**Task item**: Please write out the entire listing below exactly, excluding its pictures.
-------- Source material --------
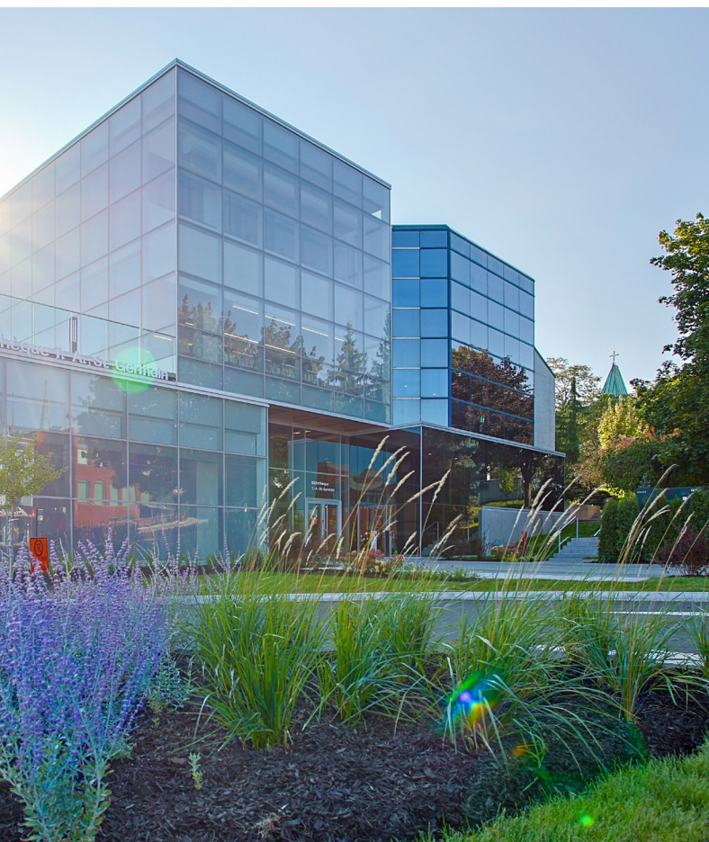
Bibliothèque T.-A.-St-Germain

Plus de 40 ans après le Plan Vaugeois, force est de constater que le chantier n'est toujours pas complété. De nombreuses communautés n'ont toujours pas accès à une bibliothèque publique de qualité dans leur localité.
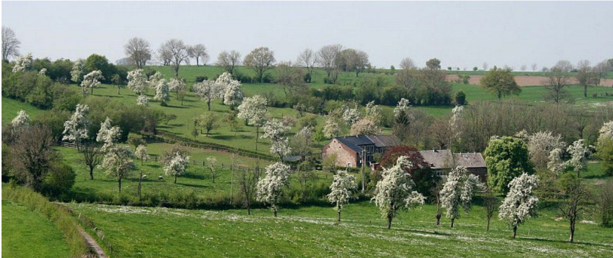
(Bocage: weiden en fruitbomen)

De Moulin de Val Dieu (klik hier ), gelegen tegenover de gelijknamige abdij, verwelkomt ons voor de lunchpauze. Bierliefhebbers kunnen het gerstenat proeven dat in de abdij wordt geproduceerd (klik hier ). Wie dat wenst, kan een omweg maken naar de abdiwinkel die lokale producten aanbiedt.
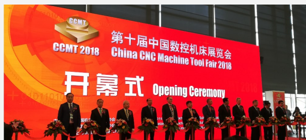
Acto de inauguración de la feria CCMT 2018

El pasado mes de abril tuvo lugar en Shanghai el mayor evento anual sobre la industria de la máquina-herramienta. Dicho evento que contó una gran presencia internacional, reunió a ocho empresas españolas y a la asociación de máquina herramienta AFM. La cita permitió a las empresas españolas mostrar sus servicios al mercado y evaluar el nivel tecnológico de la competencia.
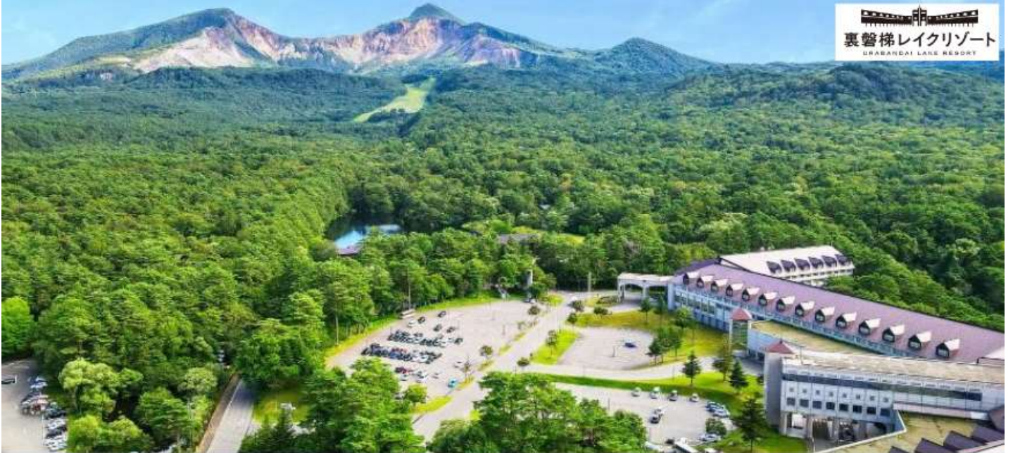
裏磐梯レイクリゾート URABANDAI LAKE RESORT
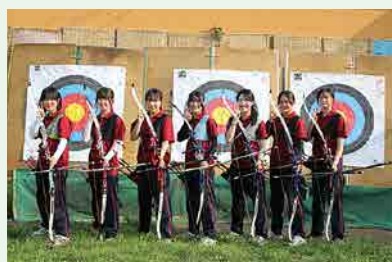
アーチェリー部 IH予選 女子団体 優勝
--------
**Your solution**:
Bibliothèque T.-A.-St-Germain

Plus de 40 ans après le Plan Vaugeois, force est de constater que le chantier n'est toujours pas complété. De nombreuses communautés n'ont toujours pas accès à une bibliothèque publique de qualité dans leur localité.
(Bocage: weiden en fruitbomen)

De Moulin de Val Dieu (klik hier ), gelegen tegenover de gelijknamige abdij, verwelkomt ons voor de lunchpauze. Bierliefhebbers kunnen het gerstenat proeven dat in de abdij wordt geproduceerd (klik hier ). Wie dat wenst, kan een omweg maken naar de abdiwinkel die lokale producten aanbiedt.
Acto de inauguración de la feria CCMT 2018

El pasado mes de abril tuvo lugar en Shanghai el mayor evento anual sobre la industria de la máquina-herramienta. Dicho evento que contó una gran presencia internacional, reunió a ocho empresas españolas y a la asociación de máquina herramienta AFM. La cita permitió a las empresas españolas mostrar sus servicios al mercado y evaluar el nivel tecnológico de la competencia.
裏磐梯レイクリゾート URABANDAI LAKE RESORT
アーチェリー部 IH予選 女子団体 優勝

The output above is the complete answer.